Open the PDF, use File → Print → "Save as PDF" or "Microsoft Print to PDF." This creates a fresh PDF with only the rendered visual content, stripping most metadata.

Downside: Loses bookmarks, hyperlinks, form fields, and accessibility tags. May not strip XMP streams or embedded fonts completely. Doesn't remove GPS data from embedded images - the image is re-embedded as-is. Not practical for batch processing.

5. Online Upload Tools (Free, Privacy Risk)

Tools like PDF24, PDFYeah, and GroupDocs let you upload a PDF and download a cleaned version. They work, but your file is sent to and processed on their servers.

Downside: Your file is uploaded to a third-party server - which defeats the purpose of removing metadata for privacy. Most only strip standard metadata and don't scan for XMP, GPS, JavaScript, redactions, or document history. Some have usage limits or require accounts.

Quick Comparison

Real-World Risks of Unstripped PDF Metadata

Court filing leaks - Lawyers have accidentally exposed confidential client names, internal notes, and privileged communications through PDF metadata in court filings. Unflattened redactions are a recurring issue in legal discovery.

Government document exposure - Government agencies have published "redacted" reports where classified information was recoverable by simply copy-pasting from behind the black bars. This happens because the redaction overlay was never flattened into the document.

Corporate identity leaks - Sending a proposal or contract with your full name, company software stack, and edit history in the metadata gives the recipient information you never intended to share. Competitors can learn what tools you use, when you work, and how many revisions you went through.

Compliance violations - Under GDPR, personal data includes any information that can identify a person - including author names in document metadata. Sharing PDFs with exposed metadata to the wrong audience can constitute a data protection violation, especially in regulated industries like healthcare and finance.

Best Practices for PDF Metadata Hygiene

1. Strip before sharing - make it a habit to run every PDF through a metadata stripper before sending it externally. Add it to your document review workflow.

2. Check redactions are flattened - if you redact content, always verify the redaction is flattened (permanently applied), not just an overlay annotation. TrustScan's deep scan detects this automatically.
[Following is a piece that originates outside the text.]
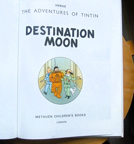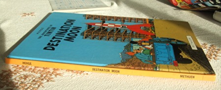 Kuifje " DESTINATION MOON " = "Raket naar de Maan" in het Engels - kartonnen kaft - boek zo goed als nieuw - ophalen of verzenden(+ verzendkosten)

3. Watch embedded images - photos from phones contain GPS, camera model, and timestamp data. Strip image EXIF data before embedding in PDFs, or use TrustScan to detect it after the fact.

4. Audit your templates - if your organization uses PDF templates, check them for baked-in metadata. A template with a former employee's name in the Author field will propagate that data to every document generated from it.

5. Use client-side tools - if you're removing metadata for privacy reasons, uploading the file to a server-based tool creates a new privacy risk. Choose tools that process entirely in your browser.